Why not go for a clean slate?
I no longer play Wordle, the daily puzzle at The New York Times, but I believe those of you do would find this interesting:
One reason I stopped playing Wordle was the way so many people played their same opening word each day, one they think is optimized for success. So the scores they posted online were basically meaningless for comparison purposes as much a measure of their skill.
When my family group played together for much of 2022 we all used the same starting word, and changed it every day. Often the word was related to something in the news. One day, for instance, it was “Amber.” And then it was “Heard.”

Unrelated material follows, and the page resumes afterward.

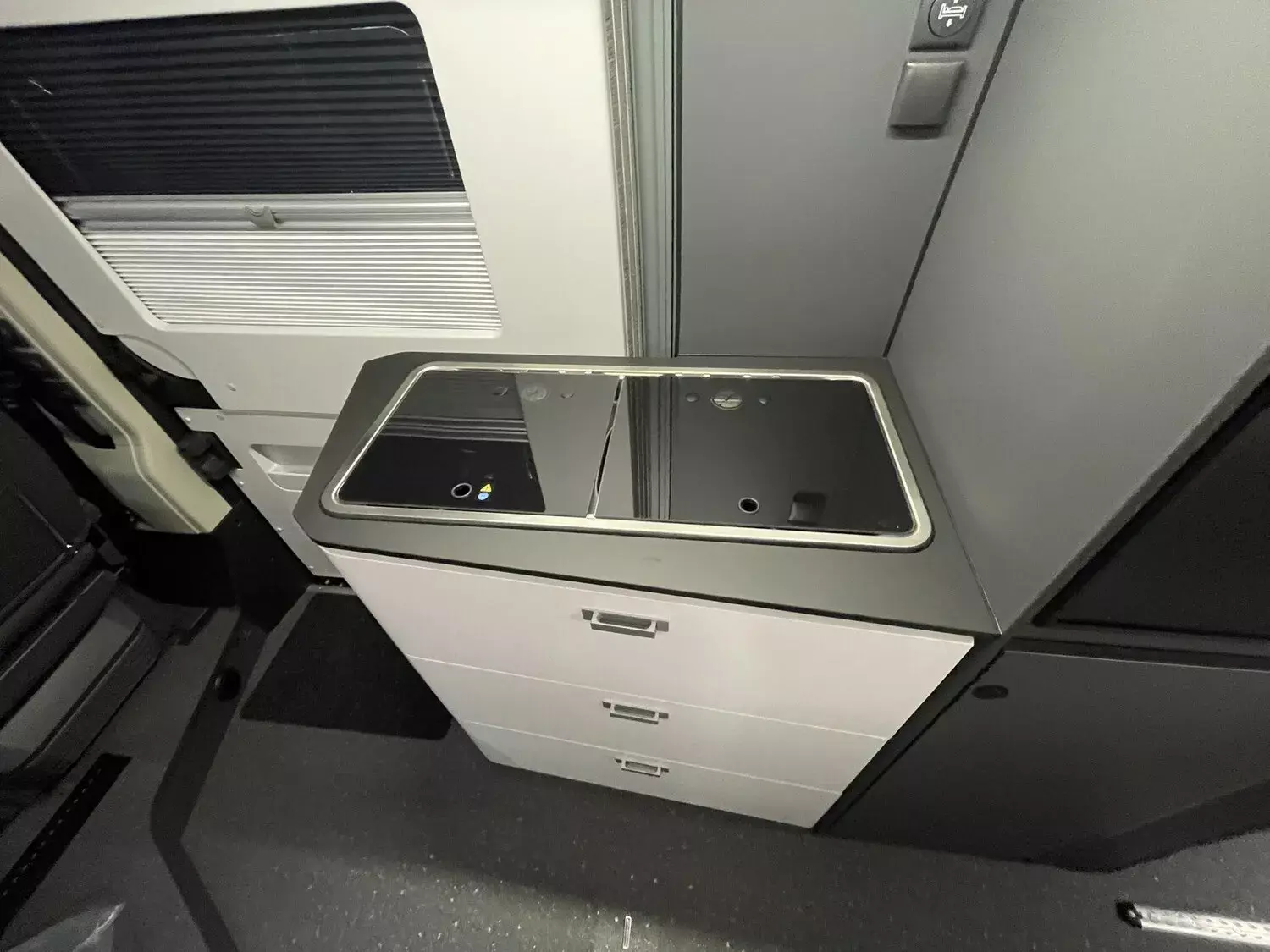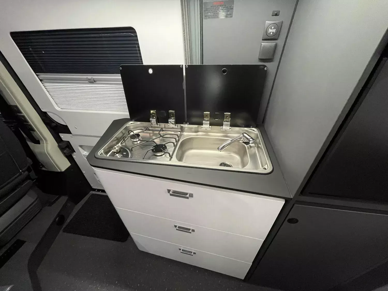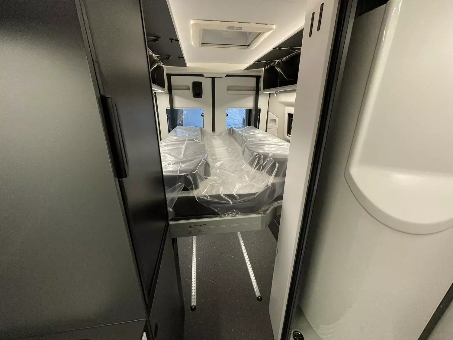 Kit DELUXE (Einparkhilfe hinten, Falt-Verdunkelung Fahrerhaus Wohnraum-Seitenfenster, Fliegenschutz an Schiebetür, Einstiegsstufe elektrisch, Einstiegsbeleuchtung, LED-Ambientebeleuchtung, Lade-Booster, Abwassertank isoliert und beheizbar, Abwasserablassventil elektrisch, Abdeckung Kocher und Spüle, Tisch mit Ausdreherweiterung und Becherhalterung), Paket SAFETY + STYLE PLUS (Regen- und Licht-Assistent, Notbrems-Assistent mit Fußgängererkennung, Spurhaltewarn-Assistent, Verkehrszeichen-Assistent (mit Tempomat-Geschwindigkeits-Anpassung), Fahrermüdigkeitserkennung, Geschwindigkeits-Assistent adaptiv mit Stop&Go; (Stau-Assistent), Klimaautomatik Fahrerhaus, Handbremse elektrisch, Lenkrad in Lederoptik, 7"-Instrumentenanzeige digital, 16"-Leichtmetall-Felgen, Lackierung Stoßfänger vorne, Nebelscheinwerfer), 10"-DAB-Naviceiver, Multifunktionslenkrad mit Radiofernbedienung, Rückfahrkamera)), LED Frontscheinwerfer, Solar Anlage, Sonnenschutz-Markise, MACH PLUS App, Panoramafenster vorne zum Öffnen, Zusatzluftfederung hinten)

I’d like to see the Times institute a mandatory starting word each day.
In geriatric news …
The background for this tweet begins with “What is the age threshold at which one becomes a ‘senior citizen’?” and continued with “Senioritis.”
Notes and comments from readers — lightly edited — along with my responses
The controversy over ShotSpotter technology drew a lot of letters after last week’s item, “ShotSpotter and the killing of Adam Toledo,” Not a peep, however, from those who wished to defend the way anti-ShotSpotter activists — and the journalists who cover them — frequently cite the Adam Toledo story as a key driver of opposition to the gunfire detection devices. I’m wondering if this is because, over the last three years, it’s become clear to those who truly followed the story that Officer Eric Stillman’s decision to fire the fatal shot at 13-year-old Adam a fraction of a second after he disarmed himself was a terrible mistake, not a hate crime or example of a rogue, out of control cop. I welcome letters from those who see it otherwise.
David Leitschuh — Progressive opposition to ShotSpotter is that it aids policing, and the hard left is very opposed to anything that does that. Witness how, in Portland, police are now forbidden from using tear gas to dispense mobs even when they are getting out of control.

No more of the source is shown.